**WHAT IS BEING ASKED**
In the entries below, find the line with "PUFAS Glutoclean Спрей" and the line with "In 1905, the", then retype both and everything between them exactly. Do not copy the pictures.

**RECORDS FOR THE TASK**
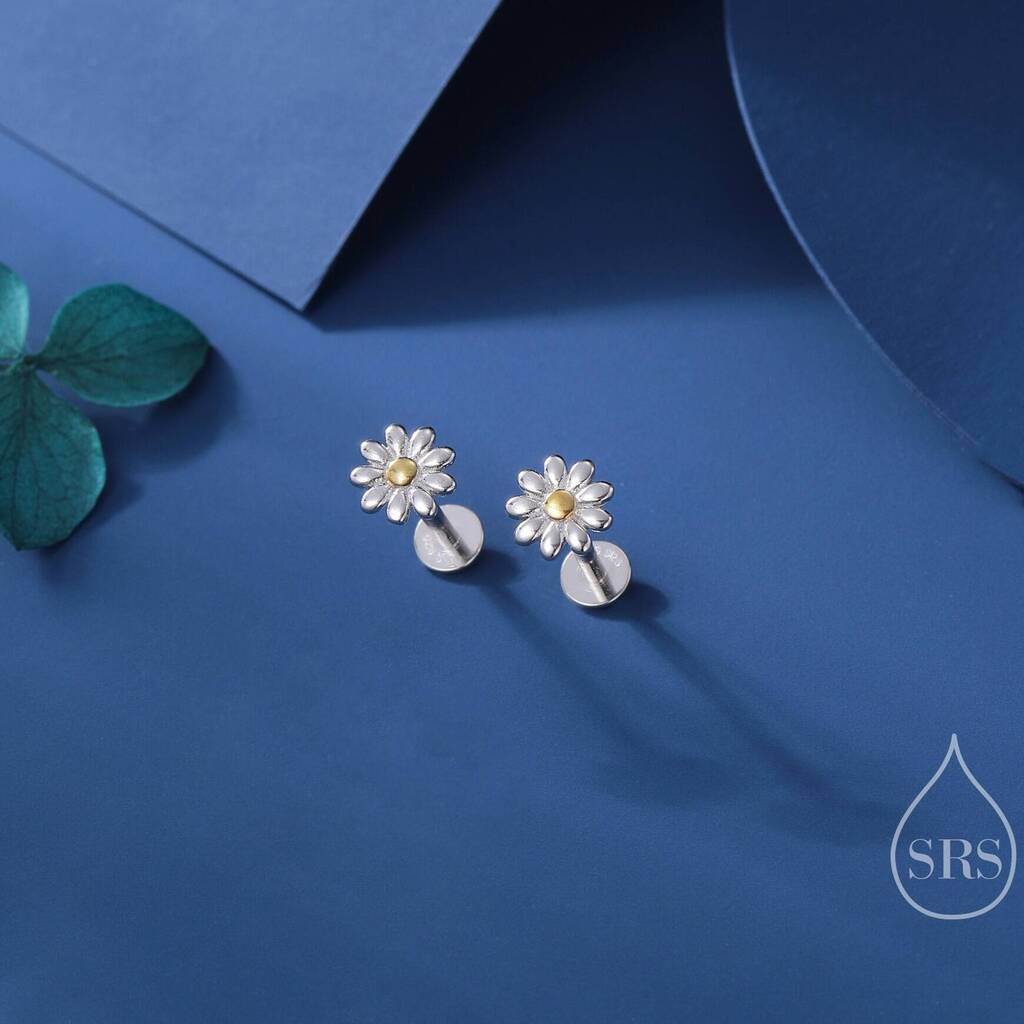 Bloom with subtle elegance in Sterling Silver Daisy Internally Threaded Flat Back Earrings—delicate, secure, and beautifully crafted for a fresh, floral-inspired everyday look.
--
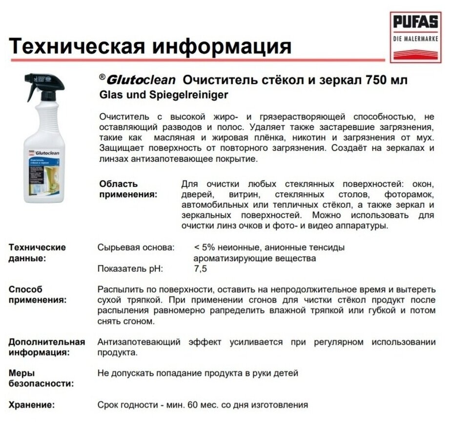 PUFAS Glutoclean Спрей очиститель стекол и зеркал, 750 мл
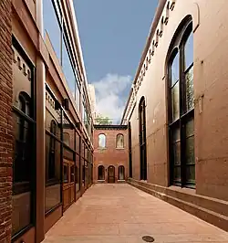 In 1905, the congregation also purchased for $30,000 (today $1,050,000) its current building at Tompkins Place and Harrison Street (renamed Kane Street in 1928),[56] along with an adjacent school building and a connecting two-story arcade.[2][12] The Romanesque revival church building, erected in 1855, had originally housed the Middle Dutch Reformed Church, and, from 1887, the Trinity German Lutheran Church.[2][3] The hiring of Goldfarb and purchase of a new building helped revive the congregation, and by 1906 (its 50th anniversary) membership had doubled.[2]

**RESPONSE AREA**
 PUFAS Glutoclean Спрей очиститель стекол и зеркал, 750 мл
 In 1905, the congregation also purchased for $30,000 (today $1,050,000) its current building at Tompkins Place and Harrison Street (renamed Kane Street in 1928),[56] along with an adjacent school building and a connecting two-story arcade.[2][12] The Romanesque revival church building, erected in 1855, had originally housed the Middle Dutch Reformed Church, and, from 1887, the Trinity German Lutheran Church.[2][3] The hiring of Goldfarb and purchase of a new building helped revive the congregation, and by 1906 (its 50th anniversary) membership had doubled.[2]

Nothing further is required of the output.